* WORK TO COMPLETE *
When you write out the listing, keep every character and omit the pictures.

* MATERIAL PROVIDED *
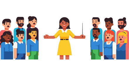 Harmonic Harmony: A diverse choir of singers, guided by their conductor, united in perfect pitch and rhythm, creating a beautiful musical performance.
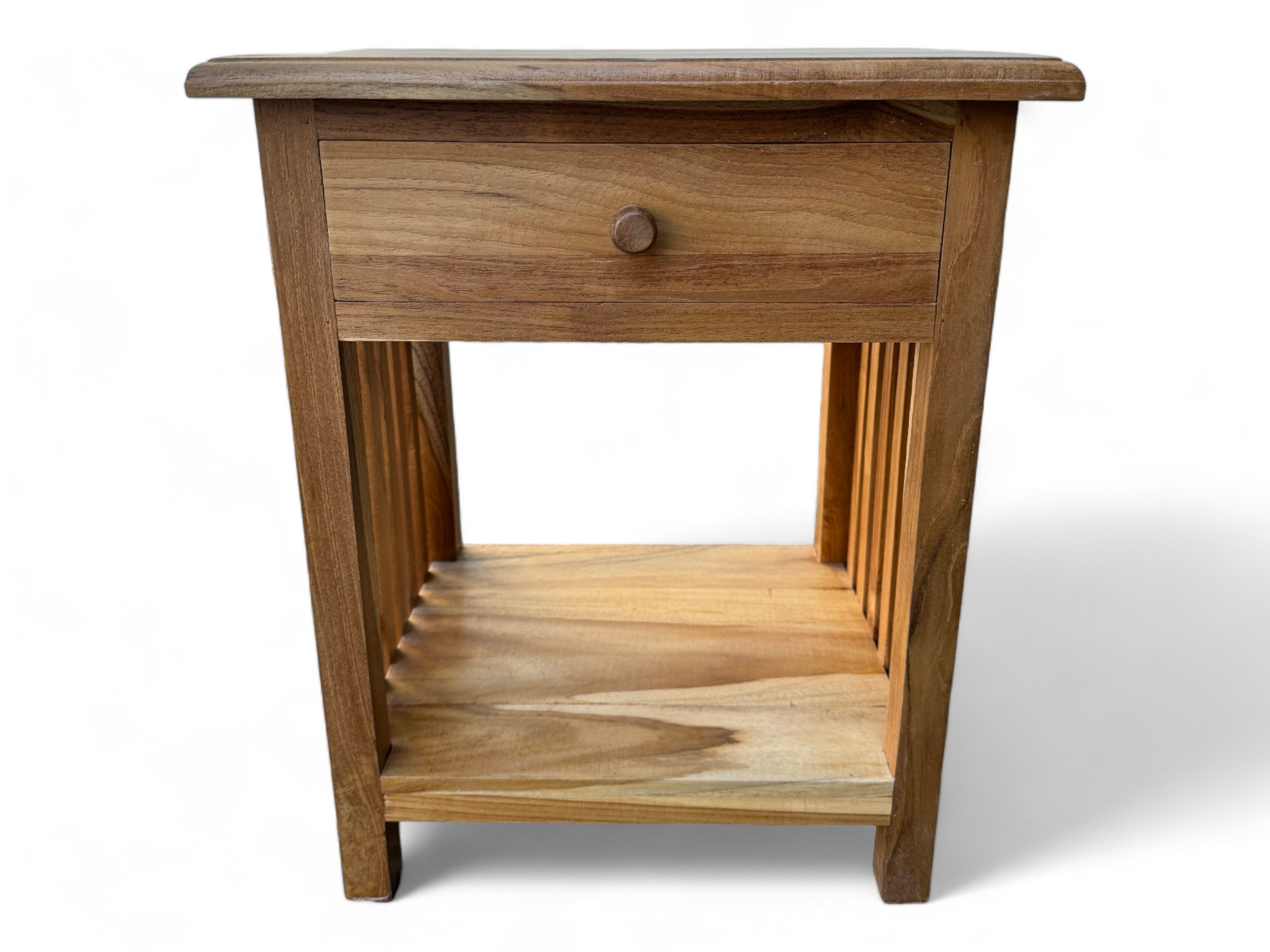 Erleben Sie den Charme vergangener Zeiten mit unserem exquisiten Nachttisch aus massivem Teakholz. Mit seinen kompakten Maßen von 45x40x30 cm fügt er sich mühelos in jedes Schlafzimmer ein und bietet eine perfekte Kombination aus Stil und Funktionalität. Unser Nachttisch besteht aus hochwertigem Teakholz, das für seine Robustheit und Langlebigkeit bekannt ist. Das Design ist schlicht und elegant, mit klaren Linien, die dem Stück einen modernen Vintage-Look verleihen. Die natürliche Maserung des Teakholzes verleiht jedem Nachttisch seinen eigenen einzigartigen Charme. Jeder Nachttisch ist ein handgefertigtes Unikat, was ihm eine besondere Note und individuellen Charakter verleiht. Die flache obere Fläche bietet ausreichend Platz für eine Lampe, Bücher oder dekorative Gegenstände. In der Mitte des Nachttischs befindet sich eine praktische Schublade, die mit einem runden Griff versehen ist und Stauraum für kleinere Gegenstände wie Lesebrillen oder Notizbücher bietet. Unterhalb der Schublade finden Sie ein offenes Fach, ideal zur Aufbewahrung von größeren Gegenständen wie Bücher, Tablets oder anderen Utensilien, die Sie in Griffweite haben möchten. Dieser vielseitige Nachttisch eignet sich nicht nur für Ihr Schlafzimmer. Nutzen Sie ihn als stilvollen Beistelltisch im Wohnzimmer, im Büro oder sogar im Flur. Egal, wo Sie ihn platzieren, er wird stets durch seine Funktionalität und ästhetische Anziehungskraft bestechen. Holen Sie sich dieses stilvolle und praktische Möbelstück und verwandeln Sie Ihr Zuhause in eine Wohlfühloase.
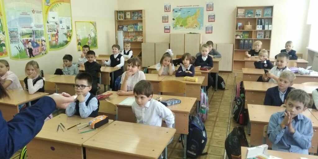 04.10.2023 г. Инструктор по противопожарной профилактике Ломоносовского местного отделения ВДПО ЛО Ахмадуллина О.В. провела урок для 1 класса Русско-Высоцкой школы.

* ANSWER TO THIS TASK *
 Harmonic Harmony: A diverse choir of singers, guided by their conductor, united in perfect pitch and rhythm, creating a beautiful musical performance.
 Erleben Sie den Charme vergangener Zeiten mit unserem exquisiten Nachttisch aus massivem Teakholz. Mit seinen kompakten Maßen von 45x40x30 cm fügt er sich mühelos in jedes Schlafzimmer ein und bietet eine perfekte Kombination aus Stil und Funktionalität. Unser Nachttisch besteht aus hochwertigem Teakholz, das für seine Robustheit und Langlebigkeit bekannt ist. Das Design ist schlicht und elegant, mit klaren Linien, die dem Stück einen modernen Vintage-Look verleihen. Die natürliche Maserung des Teakholzes verleiht jedem Nachttisch seinen eigenen einzigartigen Charme. Jeder Nachttisch ist ein handgefertigtes Unikat, was ihm eine besondere Note und individuellen Charakter verleiht. Die flache obere Fläche bietet ausreichend Platz für eine Lampe, Bücher oder dekorative Gegenstände. In der Mitte des Nachttischs befindet sich eine praktische Schublade, die mit einem runden Griff versehen ist und Stauraum für kleinere Gegenstände wie Lesebrillen oder Notizbücher bietet. Unterhalb der Schublade finden Sie ein offenes Fach, ideal zur Aufbewahrung von größeren Gegenständen wie Bücher, Tablets oder anderen Utensilien, die Sie in Griffweite haben möchten. Dieser vielseitige Nachttisch eignet sich nicht nur für Ihr Schlafzimmer. Nutzen Sie ihn als stilvollen Beistelltisch im Wohnzimmer, im Büro oder sogar im Flur. Egal, wo Sie ihn platzieren, er wird stets durch seine Funktionalität und ästhetische Anziehungskraft bestechen. Holen Sie sich dieses stilvolle und praktische Möbelstück und verwandeln Sie Ihr Zuhause in eine Wohlfühloase.
 04.10.2023 г. Инструктор по противопожарной профилактике Ломоносовского местного отделения ВДПО ЛО Ахмадуллина О.В. провела урок для 1 класса Русско-Высоцкой школы.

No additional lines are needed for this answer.